Epictetus part 12: Only you control your peace of mind

Note: this is the twelfth part of a weekly series, in which I translate and discuss the Enchiridion (Handbook) of Epictetus. New posts will be released every monday morning (GMT).


In the Enchiridion, Epictetus makes a point of ensuring that you know one thing in particular: you are capable of creating your own peace of mind. You have all the means for this within you. Moreover, there is nobody else that can give you this: only you control your peace of mind. The way to achieve this, however, is not easy. You must learn to value reason and the power of choice, and accept that you don’t control things like material possessions and reputation. As I mentioned on this blog earlier, your worry is only in your mind. Because of this, Epictetus advises us to discard your worry over things that you don’t control:

If you want to make progress, discard considerations like these: ‘if I neglect my affairs, I will not have means for living’ or ‘if I don’t discipline my slave, he will be worthless’. For it is better to die from hunger while being free from pain and fear than to live wealthy while being troubled. It is better that your slave is bad than you bad-tempered.

The amount of money you have does not determine your happiness. The value of your slave does not determine your happiness. Yet worrying about them creates unhappiness and disturbs your peace of mind. Therefore, refrain from worrying about it. And this is how:

So start with the little things. Is some oil spilled or some wine stolen? Say ‘this is the price for equanimity and tranquility’. Nothing is free. And when you call your slave, consider the possibility that he doesn’t obey, and if he obeys, that he doesn’t do what you want. But his status is not so noble, that it should be up to him whether you are troubled or not.

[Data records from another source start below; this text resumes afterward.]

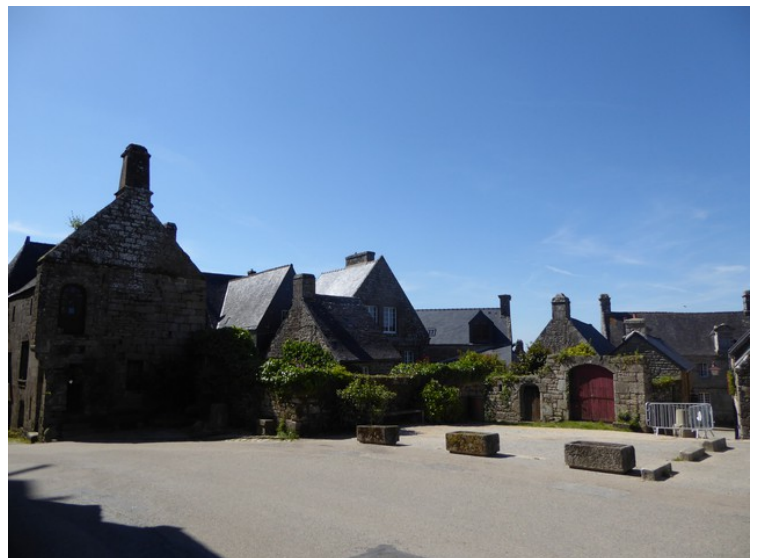
The square below the church.
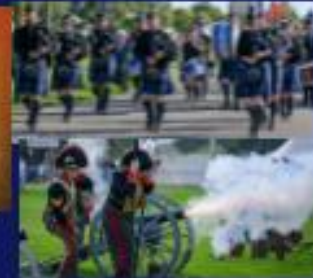
Music, Activities, Marching Bands Hands on History And so much more!
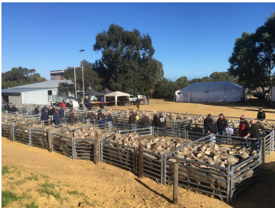
2022-Drop Field Day 23 rd June 2023.

The SA 2022 Drop Yearling and Adult Assessment Site Report is available on the Merino Superior Sires website: www.merinosuperiorsires.com.au
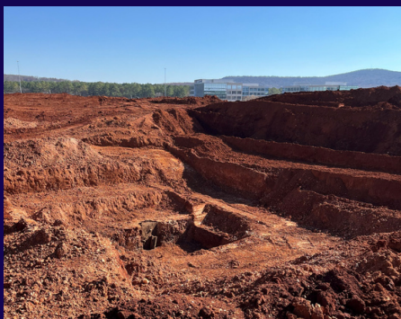
A view of the excavation site.
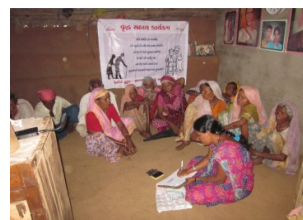
MPDB Elder's Support Program
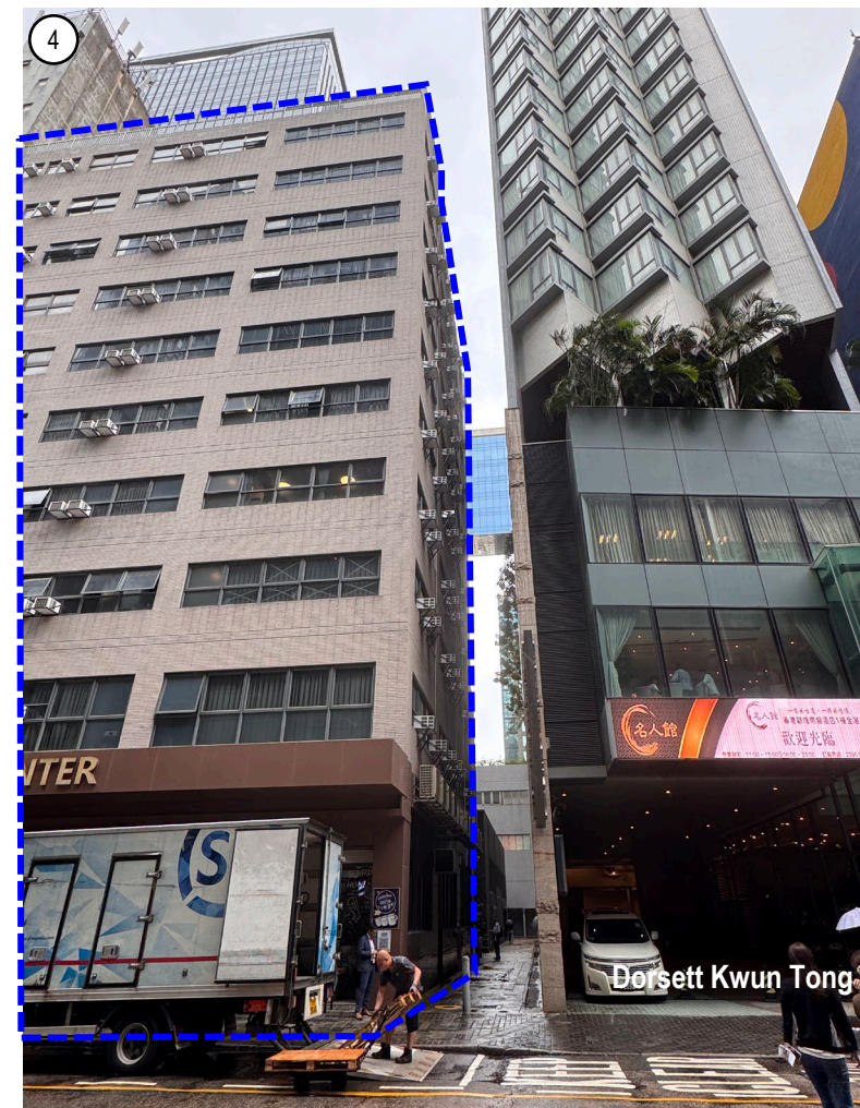
An existing hotel development adjacent to the Application Site
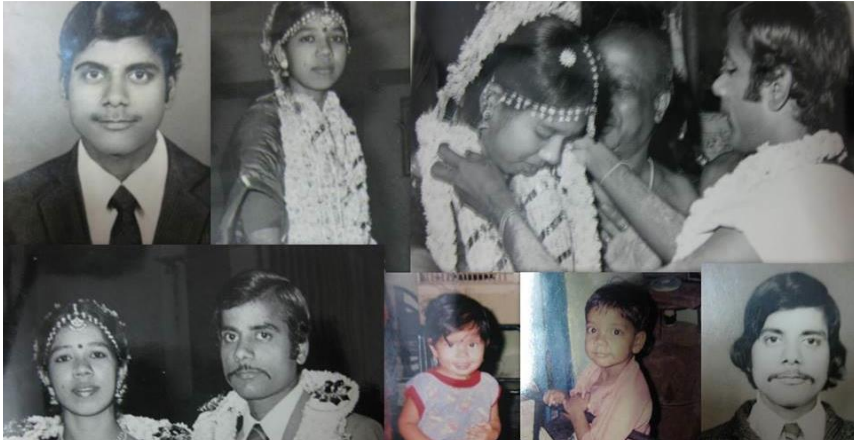
Year 1984, South India: One Couple Marry Happily move to Hyderabad. Hero begins working in Indian Railways. Heroine learns Telugu.
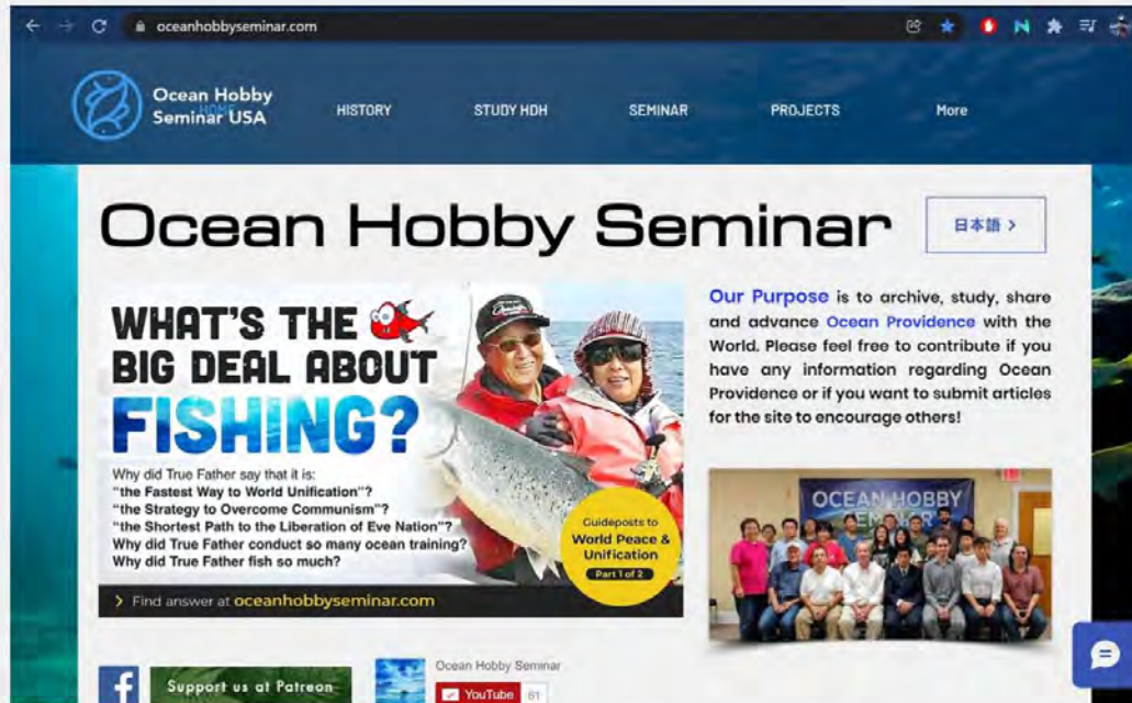
Ocean Hobby Seminar team operates a website focused on Ocean Providence

An online archive for Ocean Providence is being built so that anyone can learn the history of the Ocean Providence in different languages. Students of providence and educators can download various educational contents from this site.
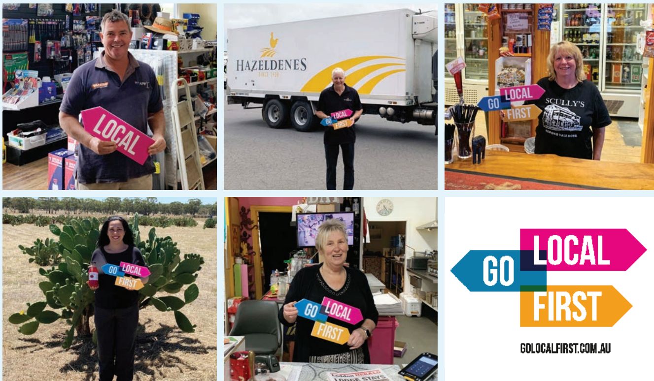
2021 Go Local First campaign
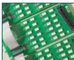
capacity easily expanded with additional line interface boards
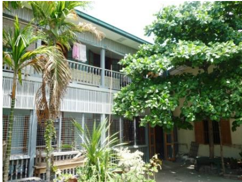
Boarding house in Mandalay Myothit

Center. The construction of the four-storey building in Mandalay Myothit will start in March 2015.
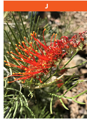
J Grevillea 'Kings Fire'

Native to Yemen Stemless rosette to 3 ft. Ø Full sun to partial shade Hardy to 25° F
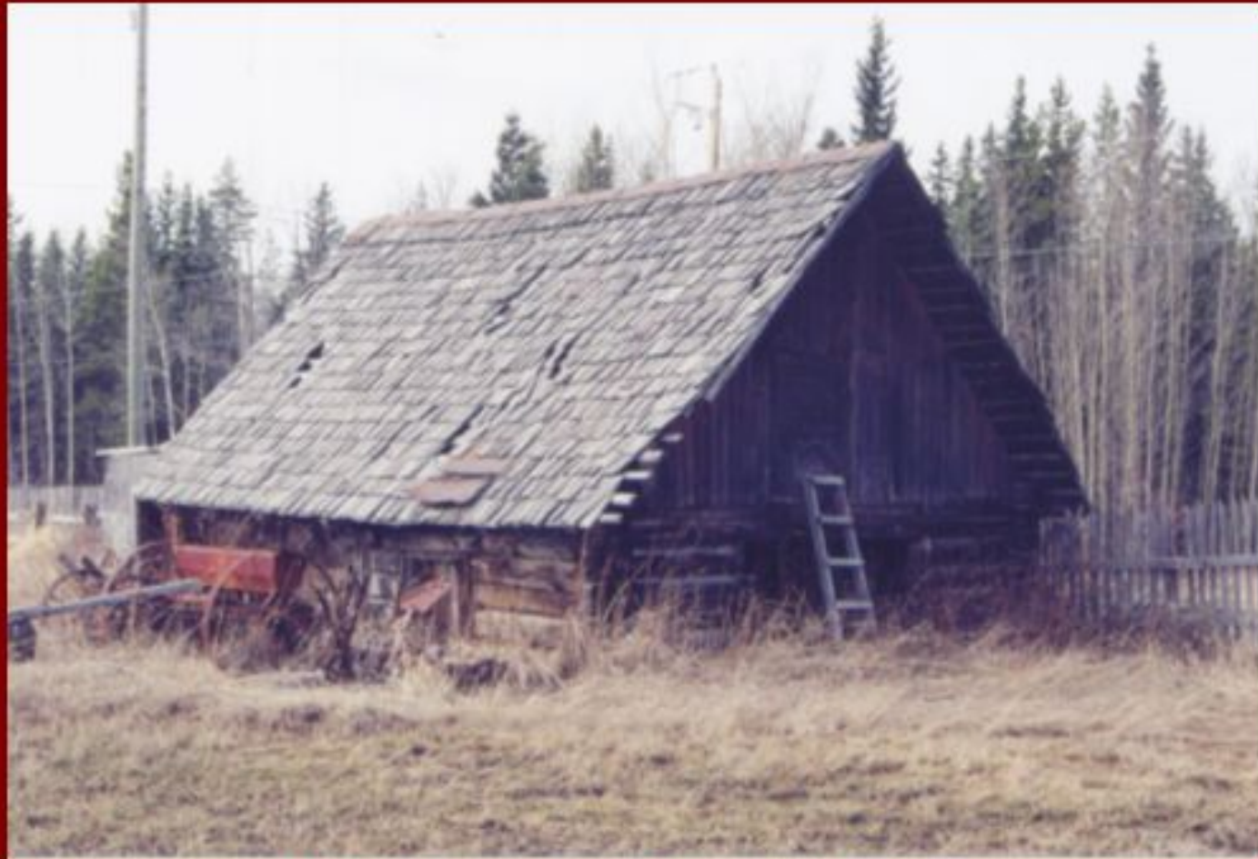
Michalchyshyn's chicken house

I especially like the idea of a ‘price for equanimity and tranquility’. Everything you do has positive and negative effects: nothing is free. If you look after your affairs, you may gain more income. But at the same time, you lose calmness and create worry. Our priorities should be at our happiness, our eudaimonia, and not at our possessions or reputation. Because if you value external events too much, you will be disturbed. If you connnect your happiness to money, then money controls you like a master controls a slave. If you connect it to the value of a slave, than the slave controls you instead of the other way around.

An interesting thing that I found during translation is that Epictetus uses two words in combination to describe a desirable position: apatheia (equanimity) and ataraxia (tranquility). Apatheia is a central concept to stoicism and basically means that you do not let the passions control you. Ataraxia, however, is considered to be an epicurean (or skeptic) concept based on the absence of disturbances. In many ways, the stoics and the epicureans were opposing schools. But here, the famous stoic Epictetus uses a concept that is closely linked to epicureanism. I believe that the difference between the two is as follows: apatheia concerns the acceptance of external disturbances to deal with them, while the ideal of ataraxia is about the complete absence of those disturbances. This explains why the stoic school was located in the center of Athens, while the epicurean school was in a quiet garden where nothing could disturb the followers of Epicurus. Why does Epictetus use both concepts in the Enchiridion? I honestly don’t know (and gratefully listen to suggestions for this in the comments). The two are not completely different and might often go hand in hand, but the way to reach them is different according to stoics than according to epicureans (again: acceptance versus absence of external disturbances). I do think that this paragraph of the Enchiridion proves that stoicism and epicureanism have common ground, though. That’s definitely something to think about.